Auch eine stärkere Verknüpfung zwischen den verschiedenen angesprochenen Instrumenten bleibt aufgrund der wenig harmonisierten „Fahrpläne“ von REPROs, Entwicklungsleitbildern und Mobilitätsplänen weitgehend offen.

Den Worten der Enquete des Steiermärkischen Landtages zum Thema Baukultur und Raumplanung 2014 mit einer Fülle von Vorschlägen für die Raumentwicklung sollten auch Taten folgen. Es bleibt abzuwarten, welche Themen (z.B. Streichung der Auffüllungsgebiete, Einkaufszentren-Regelungen) vom neuen ROG-Entwurf aufgegriffen und schließlich umgesetzt werden.

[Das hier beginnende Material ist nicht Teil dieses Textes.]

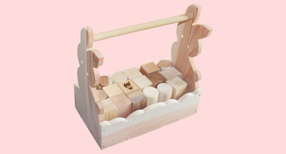 うさぎの入れ物に入った積み木です。かわいいうさぎと一緒に遊べます。
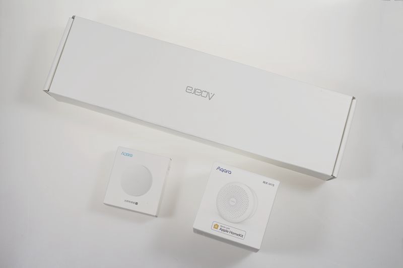 下面就让我们走入这神奇的时刻吧,让我们看看绿米aqara智能窗帘为我们生活增加多少方便,我们都知道智能家居有多种玩法,购买了绿米Aqara智能窗帘电机(ZigBee开合帘版)、Aqara网关M1s、Aqara光照传感器 T1,包装盒都采用了白色设计风格,简约大方,而且包装上面也有产品的渲染图。

Eine Unterstützung der Gemeinden beim Neustart der Örtlichen Raumplanung müsste anders aussehen. Es bleibt zu hoffen, dass diese stark genug sind, die weitere Professionalisierung der Örtlichen Raumordnung, die interkommunale Standortentwicklung und Maßnahmen gegen die weitere Zersiedelung so voranzutreiben, dass die potenziellen Vorteile der Strukturreform auch einmal zum Tragen kommen.


Dipl. Ing. Richard Resch ist Raumplaner in Graz.